HRC / AVI Campus Media Fellow Published In The Jerusalem Post: Why Campus Antisemitism Matters

On March 30, 2024, one of our Campus Media Fellows, Ronit Kogan, was published in The Jerusalem Post about how ever since the October 7 terrorist attack against Israeli civilians by Hamas terrorists, Universities and Colleges have been a flashpoint of anti-Israel sentiment.

But the hate and unrest emanating from students at campuses across North America has been boiling for some time.

Why Campus Antisemitism Matters

By: Ronit Kogan

Since the October 7 terrorist attack against Israeli civilians, York University has been a flashpoint of anti-Israel sentiment.
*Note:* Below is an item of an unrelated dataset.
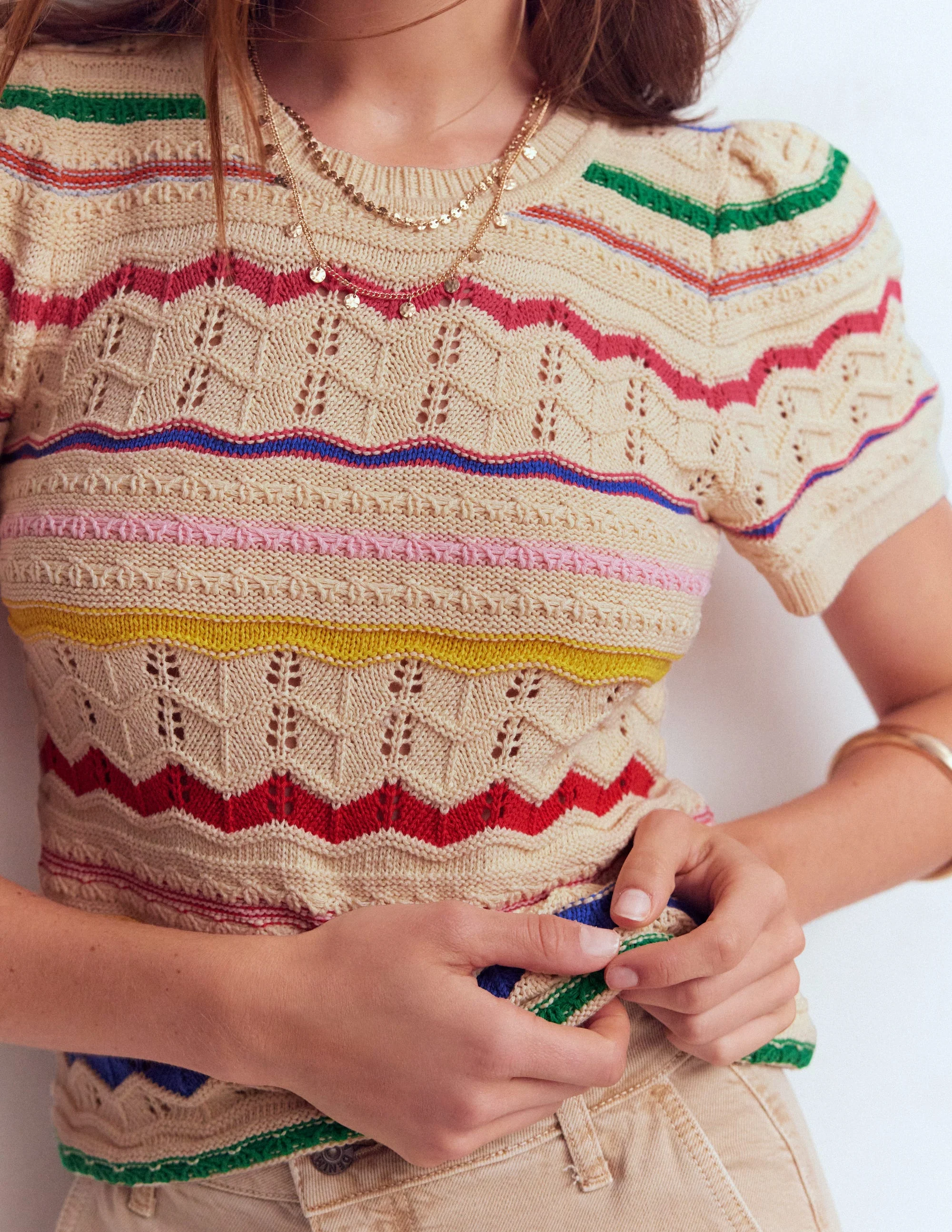 For days when a basic cotton tee feels too casual you can rely on Monica. The lightweight pointelle stitching, gently puffed sleeves and bright colours make this style a trusted office staple. It'll also look great tucked into our double cloth shorts on holiday.

A major campus paper, Excalibur, reported how the school was “engulfed by protests, demonstrations,” with students chanting “Israel is a terrorist state” and “Viva intifada.” A student union made headlines for its anti-Israel stance. A teacher’s union distributed a “Palestine toolkit” to teach in classes. Meanwhile, Hillel Ontario reported a threefold increase in antisemitism since October 7, compared to the previous year.

But the unrest emanating from students at the university had been boiling for some time. Since 2016, a pro-intifada mural has been displayed at York’s most prominent food court.

In November 2019, it wasn’t the first time a speaker came to campus to talk about Israel, but the protest against the visiting Israel Defense Forces reservists was the loudest and most uncivil one in recent memory. Hundreds of students spewed hate-filled chants; there were physical altercations.

It cast a dark cloud over academic freedom, as the event highlighted the challenges universities face in balancing free speech with the safety and inclusivity of their students. These past few months, however, have reached the breaking point, with a Toronto law firm taking legal action against local universities for their alleged complicity in allowing antisemitic incidents to occur over the course of decades.

Of course, York isn’t the only culprit, not by far. At New York’s Columbia University in early February, antisemitic posters were plastered around campus, comparing Jews to skunks. Two university groups were barred for “threatening rhetoric and intimidation,” in addition to many other examples of Jews being targeted. Lawfare was employed here, too, when, in late February, students decided to sue the school for its alleged antisemitism.

Whereas protests are a vital form of expression in democracies, the line between peaceful demonstration and disruptive or violent protest can be thin, as seen in these examples. In a recent survey from the Anti-Defamation League, nearly three-quarters of Jews on campus have been victims of antisemitism in the US, and two-thirds do not feel safe on campus. A Canadian survey showed that 18 percent of campuses dealt poorly with antisemitic hate. The Capitol Hill testimony, where three university presidents responded that they needed “context” to condemn outright antisemitism, set off alarms.

The situation at York University, along with similar issues at institutions around the world, should now be a call to action for all reasonably minded students and faculty.

As students, we have a role to play in advocating for academic environments that uphold the values of free speech, inclusivity, and critical engagement with difficult topics. This means actively participating in civil dialogue, educating ourselves and others about the complexities of global conflicts, and striving for solutions that respect the rights and dignity of all parties involved.

We must engage thoughtfully and proactively, recognizing our potential to influence positive change. By doing so, we not only contribute to resolving immediate concerns but also take a stand for the principles that should define our academic institutions and our society.

The writer is a student at the Schulich School of Business at York University in Toronto and a campus media fellow with HonestReporting Canada and Allied Voices for Israel.